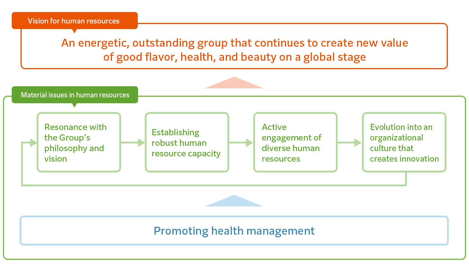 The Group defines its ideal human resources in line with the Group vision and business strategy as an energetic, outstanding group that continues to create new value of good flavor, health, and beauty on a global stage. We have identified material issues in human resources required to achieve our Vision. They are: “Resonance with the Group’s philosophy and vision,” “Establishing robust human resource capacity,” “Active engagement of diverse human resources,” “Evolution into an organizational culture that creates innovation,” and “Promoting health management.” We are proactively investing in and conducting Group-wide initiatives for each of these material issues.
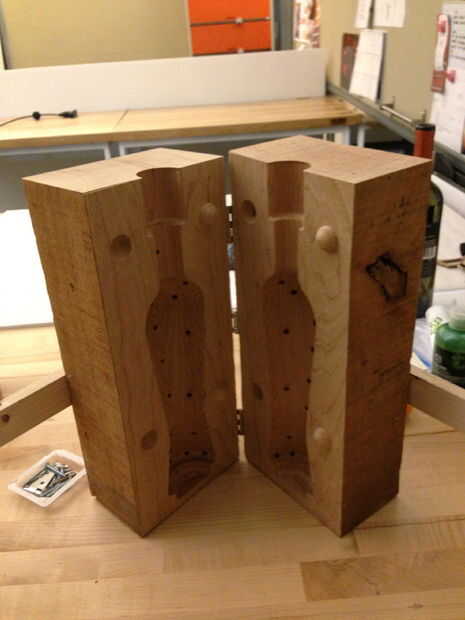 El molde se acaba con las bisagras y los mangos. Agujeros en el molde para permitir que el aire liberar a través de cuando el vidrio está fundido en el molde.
==
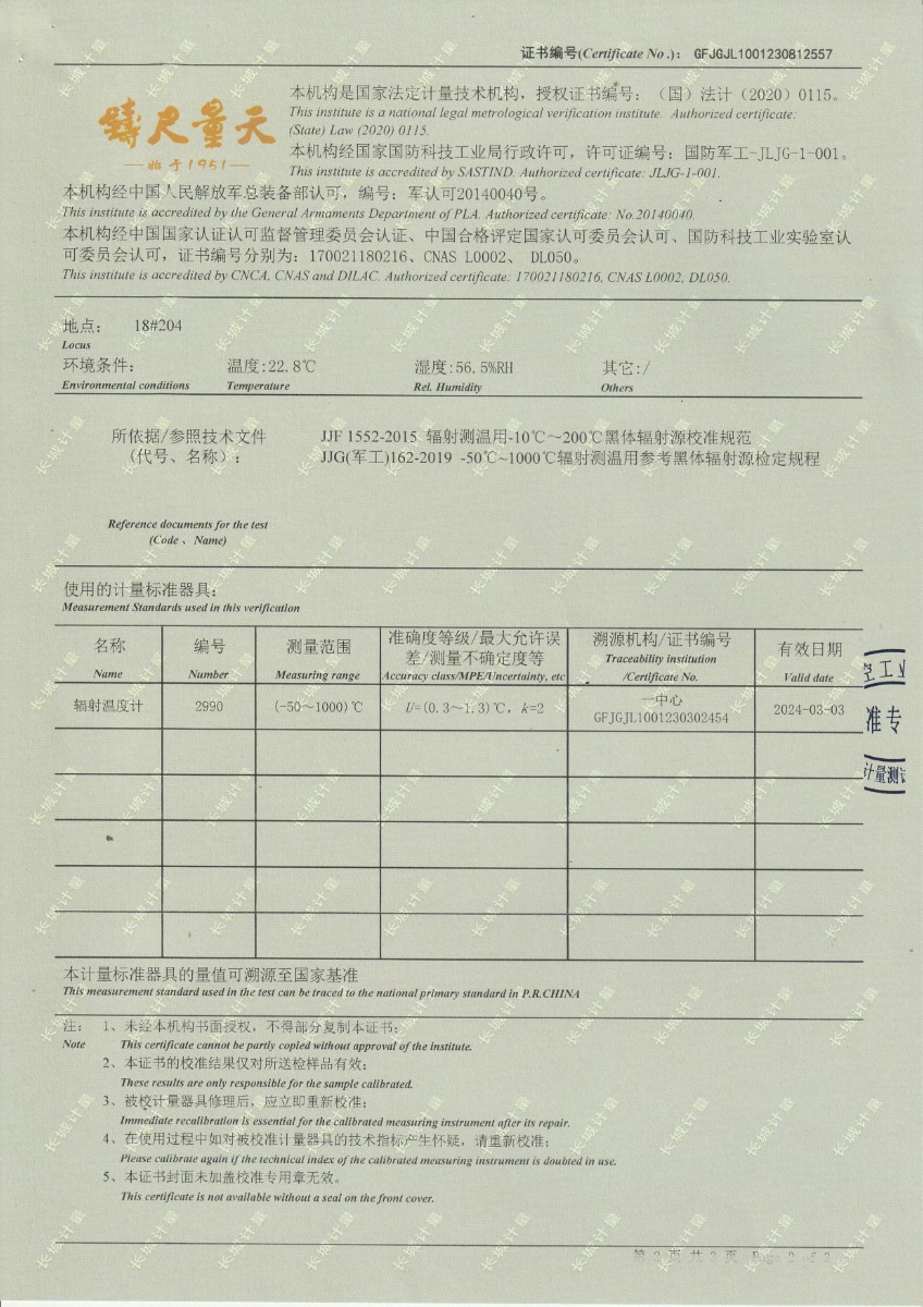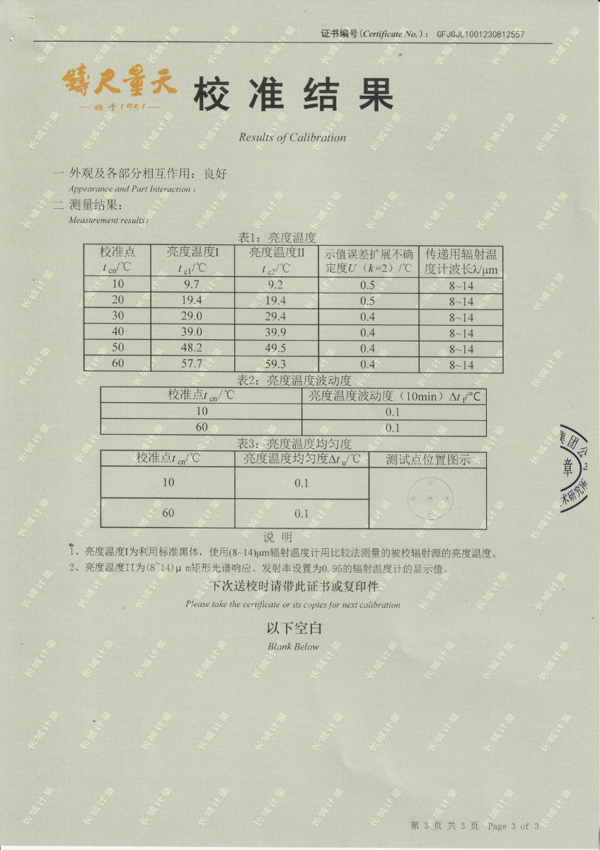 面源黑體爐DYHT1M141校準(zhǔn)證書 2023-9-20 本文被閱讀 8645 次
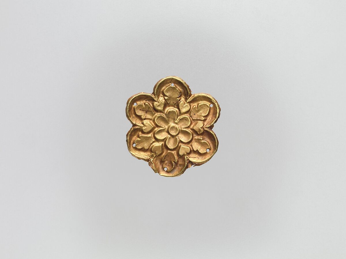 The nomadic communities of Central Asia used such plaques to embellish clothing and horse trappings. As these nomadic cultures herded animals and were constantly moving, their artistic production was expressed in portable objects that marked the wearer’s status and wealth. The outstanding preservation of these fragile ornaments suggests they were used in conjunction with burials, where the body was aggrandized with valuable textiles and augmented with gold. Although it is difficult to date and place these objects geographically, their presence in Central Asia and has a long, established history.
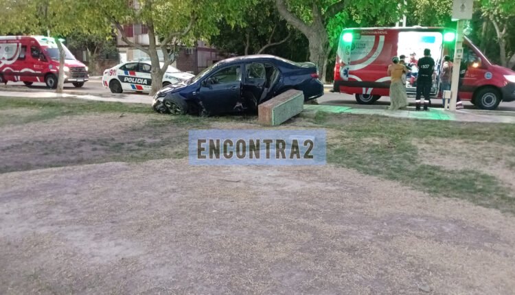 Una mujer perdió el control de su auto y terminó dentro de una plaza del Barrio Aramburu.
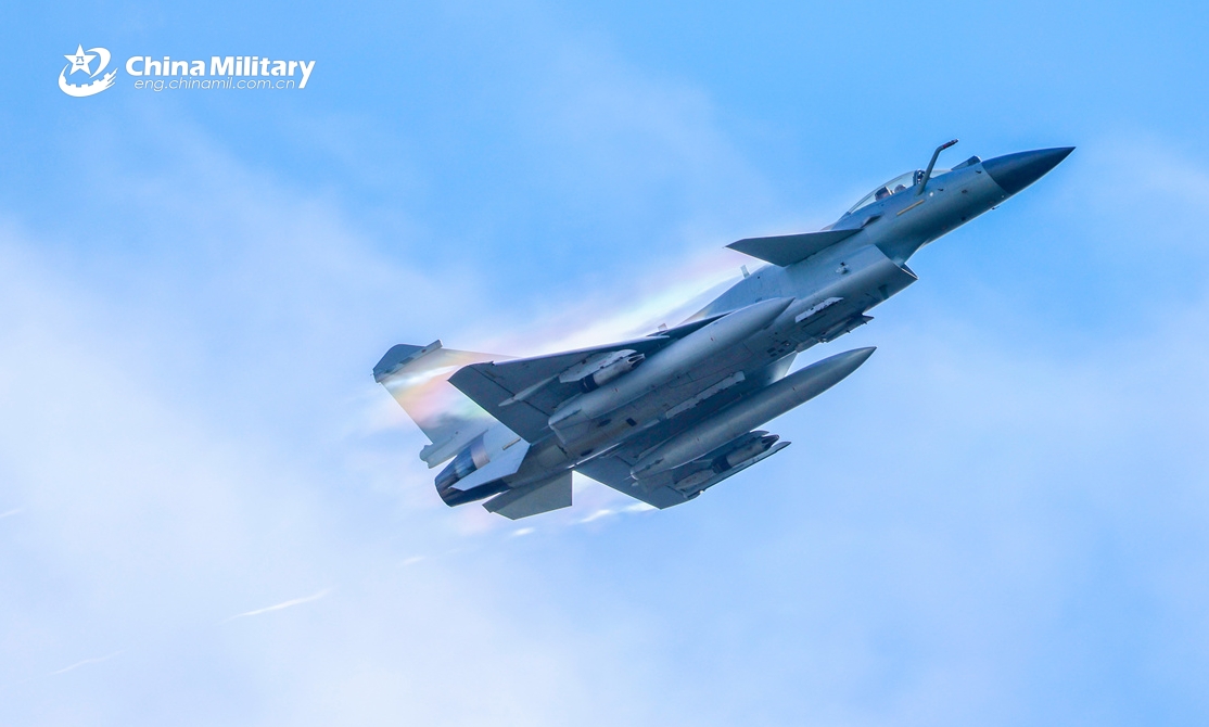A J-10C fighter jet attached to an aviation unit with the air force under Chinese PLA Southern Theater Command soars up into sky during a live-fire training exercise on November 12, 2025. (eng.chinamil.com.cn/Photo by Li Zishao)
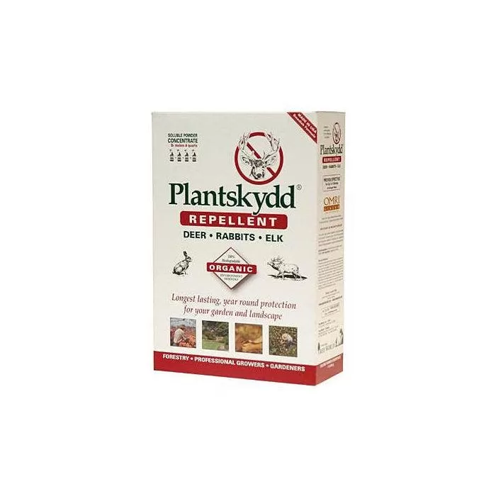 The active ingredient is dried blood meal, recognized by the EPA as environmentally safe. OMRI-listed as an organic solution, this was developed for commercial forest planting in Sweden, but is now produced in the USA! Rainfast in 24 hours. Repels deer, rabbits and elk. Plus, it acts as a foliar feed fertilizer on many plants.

◆ EXERCISE DESCRIPTION ◆
Only one stretch of the data is wanted: write out exactly the lines from the one holding "Una mujer perdió" through the one holding "A J-10C fighter", both included, without the pictures.

◆ SOLUTION FOR THIS TASK ◆
 Una mujer perdió el control de su auto y terminó dentro de una plaza del Barrio Aramburu.
A J-10C fighter jet attached to an aviation unit with the air force under Chinese PLA Southern Theater Command soars up into sky during a live-fire training exercise on November 12, 2025. (eng.chinamil.com.cn/Photo by Li Zishao)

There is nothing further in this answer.